Tuesday, May 14, 2019
Case Study Example | Topics and Well Written Essays - 500 words - 8
Case Study ExampleThe proposed change of strategy has the following consequences the fixed costs get out increase to (1,053,000 + 585,000) = $ 1,638,000. Second, the new average contribution margin = (0.25*0.5) + (0.25*0.1) + (0.1 * 0.5) + (0.4 * 0.8) = 0.52. Therefore, the total restaurant sales to achieve the want net income = (1,053,000 + 585,000 + 117,000) /0.52 = $ 3,375,000. gross sales for each product lines are as follows appetizers = (3,375,000 * 0.25) = $ 843,750 Main entrees = (3,375,000 * 0.25) = $ 843,750 Desserts = (3,375,000 * 0.1) = $ 337,500 and Beverages = (3,375,000 * 0.4) = $ 1,350,000 (DuBrin 208-212).The fixed cost exit be $ 1,638,000. However, the new contribution margin = (0.15 * 0.5) + (0.5 * 0.1) + (0.1 * 0.5) + (0.25 *0. 8) = 0.375. The sales level to achieve the want net income = (1,053,000 + 585,000 + 117,000) /0.375 = $ 4,680,000. Sales for each product lines are as follows appetizers = (4,680,000 * 0.15) = $ 702,000 Main entrees = (4,680,000 * 0.5) = $ 2,340,000 Desserts = (4,680,000 * 0.1) = $ 468,000 and Beverages = (4,680,000 * 0.25) = $ 1,170,000 (DuBrin 208-212).This strategy increases the level of sales to achieve the desired net income of $ 117,000. A potential risk to this strategy is the failure to meet the sales level ($ 4,680,000).
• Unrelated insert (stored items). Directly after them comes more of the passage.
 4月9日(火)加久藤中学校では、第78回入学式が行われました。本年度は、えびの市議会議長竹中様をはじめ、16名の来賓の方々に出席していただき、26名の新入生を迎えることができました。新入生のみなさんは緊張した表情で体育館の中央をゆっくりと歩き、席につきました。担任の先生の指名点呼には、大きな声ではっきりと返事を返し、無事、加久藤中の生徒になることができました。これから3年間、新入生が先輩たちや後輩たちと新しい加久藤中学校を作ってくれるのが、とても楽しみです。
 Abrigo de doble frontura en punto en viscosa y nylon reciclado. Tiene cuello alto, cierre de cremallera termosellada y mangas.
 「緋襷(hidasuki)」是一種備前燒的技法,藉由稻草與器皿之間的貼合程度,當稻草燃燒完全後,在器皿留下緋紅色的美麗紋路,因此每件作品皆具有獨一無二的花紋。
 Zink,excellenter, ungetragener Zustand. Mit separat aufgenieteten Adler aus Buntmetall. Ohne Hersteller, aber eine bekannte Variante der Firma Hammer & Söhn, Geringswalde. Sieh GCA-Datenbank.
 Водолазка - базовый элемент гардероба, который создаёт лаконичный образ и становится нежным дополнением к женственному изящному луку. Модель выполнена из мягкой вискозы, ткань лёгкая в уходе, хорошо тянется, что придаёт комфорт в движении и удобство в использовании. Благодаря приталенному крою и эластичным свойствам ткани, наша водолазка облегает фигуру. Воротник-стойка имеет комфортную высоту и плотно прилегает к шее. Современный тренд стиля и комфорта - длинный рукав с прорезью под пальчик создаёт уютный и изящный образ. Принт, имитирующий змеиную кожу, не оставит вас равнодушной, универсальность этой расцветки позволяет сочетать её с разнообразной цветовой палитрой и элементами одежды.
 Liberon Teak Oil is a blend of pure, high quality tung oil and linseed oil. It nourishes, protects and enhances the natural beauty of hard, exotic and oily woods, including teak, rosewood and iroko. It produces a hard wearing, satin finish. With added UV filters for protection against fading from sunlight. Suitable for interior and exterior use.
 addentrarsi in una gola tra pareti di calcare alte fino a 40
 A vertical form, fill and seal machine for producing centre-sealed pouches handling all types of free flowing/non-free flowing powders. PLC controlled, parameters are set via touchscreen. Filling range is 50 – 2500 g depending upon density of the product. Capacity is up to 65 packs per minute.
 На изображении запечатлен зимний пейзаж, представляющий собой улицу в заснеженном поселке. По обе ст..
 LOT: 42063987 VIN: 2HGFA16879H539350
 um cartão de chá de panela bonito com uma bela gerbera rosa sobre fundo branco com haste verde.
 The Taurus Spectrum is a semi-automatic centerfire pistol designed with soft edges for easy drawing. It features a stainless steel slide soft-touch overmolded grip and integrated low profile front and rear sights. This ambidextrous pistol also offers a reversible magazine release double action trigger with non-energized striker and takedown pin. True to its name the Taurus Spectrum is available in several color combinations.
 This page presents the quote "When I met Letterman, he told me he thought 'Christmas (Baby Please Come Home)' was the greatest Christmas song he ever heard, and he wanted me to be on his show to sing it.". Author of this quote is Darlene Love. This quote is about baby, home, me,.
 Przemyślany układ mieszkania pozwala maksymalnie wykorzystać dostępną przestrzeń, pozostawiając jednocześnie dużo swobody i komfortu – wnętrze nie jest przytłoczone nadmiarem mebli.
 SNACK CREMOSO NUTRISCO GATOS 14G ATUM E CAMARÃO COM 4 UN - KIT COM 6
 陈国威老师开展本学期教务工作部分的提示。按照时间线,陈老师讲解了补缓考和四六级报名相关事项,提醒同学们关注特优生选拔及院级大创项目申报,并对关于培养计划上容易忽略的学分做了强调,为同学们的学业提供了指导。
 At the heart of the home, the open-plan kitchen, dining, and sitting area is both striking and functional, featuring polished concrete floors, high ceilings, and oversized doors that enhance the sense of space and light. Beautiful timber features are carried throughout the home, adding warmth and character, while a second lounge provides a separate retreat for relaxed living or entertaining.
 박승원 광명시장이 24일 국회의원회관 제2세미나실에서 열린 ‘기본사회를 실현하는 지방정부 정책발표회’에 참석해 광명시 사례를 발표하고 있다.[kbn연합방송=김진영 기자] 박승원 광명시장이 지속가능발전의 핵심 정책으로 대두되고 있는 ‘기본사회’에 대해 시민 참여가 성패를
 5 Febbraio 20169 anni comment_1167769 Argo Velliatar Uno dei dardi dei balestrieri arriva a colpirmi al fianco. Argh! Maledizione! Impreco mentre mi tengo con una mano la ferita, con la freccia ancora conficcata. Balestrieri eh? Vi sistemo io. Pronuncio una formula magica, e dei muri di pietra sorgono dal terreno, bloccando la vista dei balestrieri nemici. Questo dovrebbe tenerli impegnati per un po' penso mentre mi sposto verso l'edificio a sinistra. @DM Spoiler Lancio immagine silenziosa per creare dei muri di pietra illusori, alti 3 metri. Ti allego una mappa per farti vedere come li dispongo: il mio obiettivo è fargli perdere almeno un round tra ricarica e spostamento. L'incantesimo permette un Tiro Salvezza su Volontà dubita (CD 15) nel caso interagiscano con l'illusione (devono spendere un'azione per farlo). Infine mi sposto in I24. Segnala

On the other hand, the strategy has an advantage of increasing the restaurants revenues.A company that uses manual labor in the achievement system experiences the following cost pool wages to part-time and full-time employee, the contribution to a premium plan, employee recruitment costs, and moral hazard cost. On the other hand, the automated equipment system bears the following cost pools apparatus acquisition costs, equipment maintenance costs, salary to IT technician, machine replacement and depreciation costs. Changing from manual labor payoff system to an automated equipment system changes the cost above named
Subscribe to:
Post Comments (Atom)
No comments:
Post a Comment
Note: Only a member of this blog may post a comment.